Putting all the hype aside, under the hood there is a lot of interesting stuff going on. Understanding all of it will require some basic knowledge from mathematics (here it is again) and quantum physics, the parent of quantum computing, and I’ll guide you in doing so. But before we dive into the technicalities, a bit of historical context is always interesting.
The OG, Richard Feynmann
Richard Feynmann was one of the leading physicists in the 20th century. He made lots of contributions to quantum physics, especially in the field of quantum chromodynamics, which he founded. Don’t worry if you don’t know what that is, I don’t know either 🙂
Feynmann was hungry for a window into the quantum world. The problem is that quantum mechanical systems are inherently fragile, and they collapse back into classical systems just by observing them (we’ll define this more rigorously later on. For now, it suffices to understand that by observing them, they lose information). Therefore, he wanted a computer that could simulate such a system, which could then be observed without losing anything (it’s your program now, after all).
If you have done some programming, then you can easily understand how hard it is to simulate something. For quantum systems, Feynmann found that his computer does not have the required processing power. This is because the quantum world is much much richer than the classical one. To be able to simulate only a small quantum environment, you need more bits than there are atoms in the universe. A classical computer simply can’t do it.
Then he had an idea. Why not use a computer using properties of quantum mechanical systems to simulate? Thus, the idea of a quantum computer was born, and with it, Feynmann started to build a bridge between quantum mechanics and computer science.
With this, let us jump into the realm of the subatomic!
It Comes in Waves
In quantum physics, an entity can exist as both a particle and a wave simultaneously. For example, you might have heard of the electron wave-particle duality. If this seems counterintuitive to common sense, then this is only the beginning! The quantum world is completely different from the classical one we are used to, and it makes no attempt to appeal to our common sense. Here, apples can be oranges one moment and go bananas the next. The only thing it shares with our world is mathematics, and therefore we’ll use that to dig for more information.
When a quantum system is not under observation, then the entities exist in the form of waves. Like we say that there is an ‘electron cloud’ around a nucleus, not an electron particle. The cloud refers to the wave nature of the electron. However, when we try to observe the system, just by our observation, the wave collapses into a particle. Just how it collapses is encoded in the wave itself.
If we consider waves, then concepts like amplitudes and wavelengths make sense.
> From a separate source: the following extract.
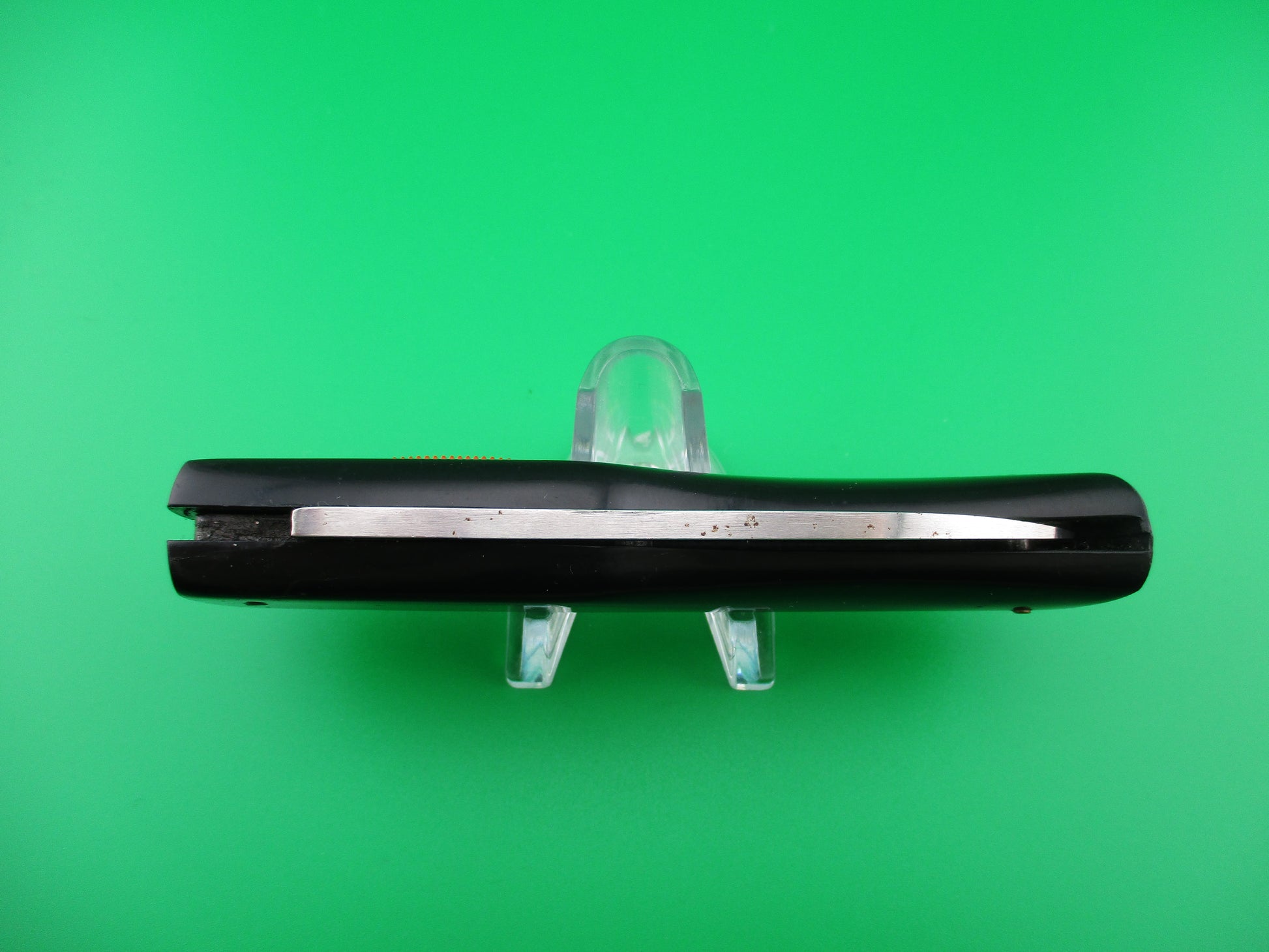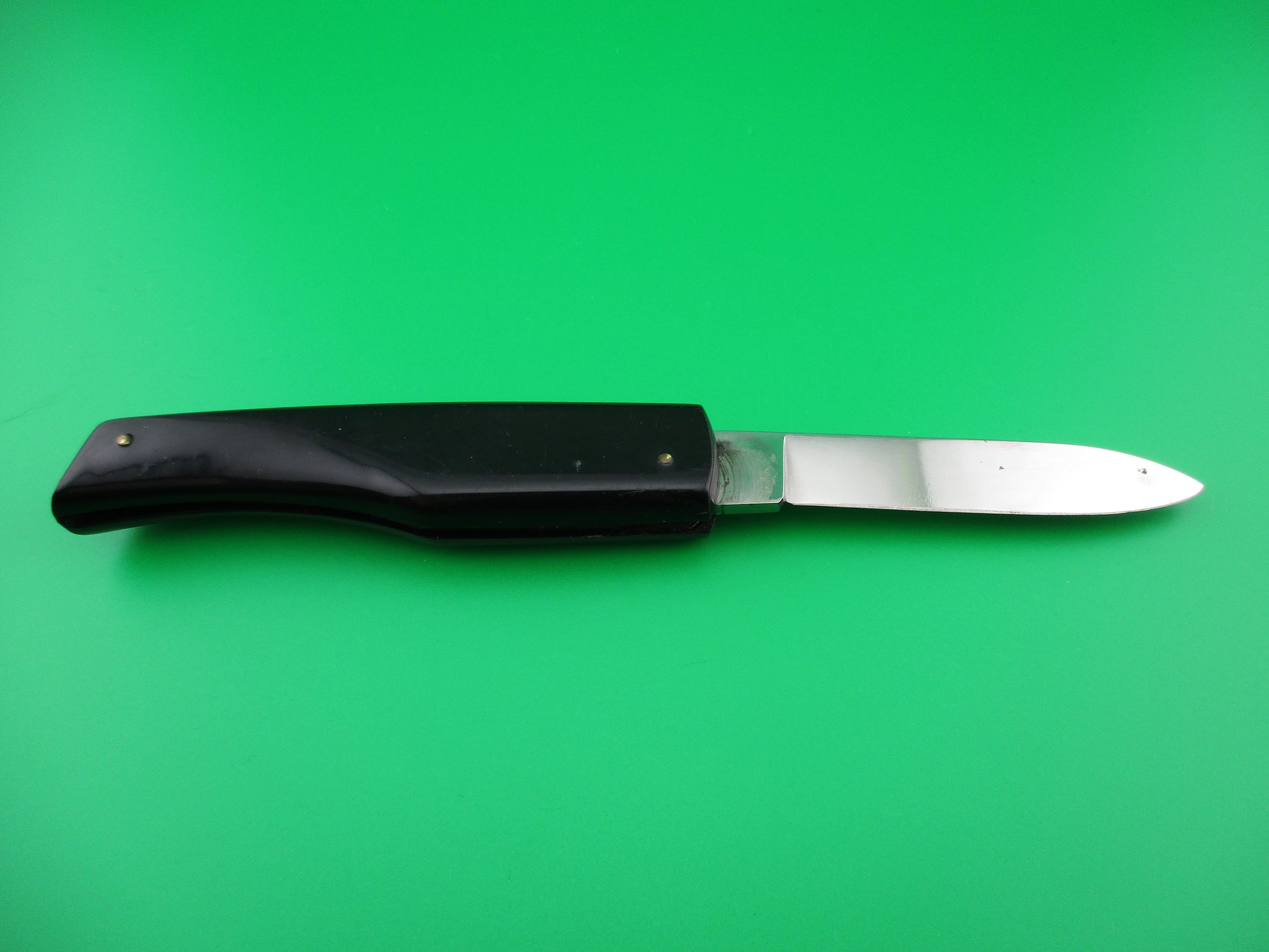 These are usually called Collini Flylock knives and they were made in Italy, but not sure when. I would guess 1970s. The knife measures a little under 20cm (8 inches) open and steel liners are inside the wrap around black plastic handle. The blade appears to be full with all of the original factory finish and is marked ROSTFREI PATENT. The handles are in good condition with some light scratches from handling. The knife works great with the blade tip seating deep in the well, strong smooth snap and tight lockup. The blade is thrown open by a spring loaded knob in the blade well. Neat design and would make a good EDC (every day carry).

Although wavelengths also have their own importance in quantum mechanics, for our purposes, it is enough to understand the role played by amplitude.
Amplitude is just the maximum height the wave can get to from the baseline. And the conventional interpretation of quantum waves is in terms of a probability wave. That is, the amplitude at each point of the wave tells us the probability of finding the particle at that point if we were to observe the system and collapse it.
Therefore, if the amplitude at some place is very high, that means there is a very high chance to find the particle there if we looked at the system. For example, in an atom, the amplitude is the highest in concentric circular rings around the nucleus, what we call orbits. Orbits aren’t definite paths followed by electrons, they are just the places where finding them has the highest probability.
To be sure, we are not saying that the amplitude is literally the probability. Firstly, the probability is just a number between 0 and 1, while amplitude can be anything. Also, these waves are not 1D as shown in the diagram, but 3D waves.
But there is a correspondence between them in that the higher the amplitude, the greater the probability.
Now a question may arise in your mind: if everything is just a random probability, how will a quantum computer give me an answer to anything? Good question, and here comes the answer: via interference.
Interference Comes in Two Flavors
That’s right, constructive and destructive. When two waves pass through each other, they do something called a superposition. The amplitude at a point becomes the sum of amplitudes of the individual waves.
If the resultant amplitude is less than the original amplitudes, the waves are said to have destructive interference. And the opposite case is called constructive interference.
Example of destructive interference, in which both waves cancel each other to give the black wave
How does this relate to quantum computing? For this, we finally come down to the smallest unit of information that can be stored in a quantum computer: the qubit.
Qubit
The smallest unit of information that can be stored in a classical computer is the bit: binary digit. A bit can take two values, 0 and 1.
Analogously, the qubit is the ‘bit’ of quantum computers. It is a quantum mechanical system that can occur in two states. However, here comes the quantum twist: by the principle of superposition that we discussed above, it can also exist in both these states simultaneously. To understand this better, let’s call its states 0 and 1. Needless to say, these ‘0’ and ‘1’ are quite different from the bit values of classical computers.
Then the qubit can be in 0 and 1, and in any linear combination of them as well.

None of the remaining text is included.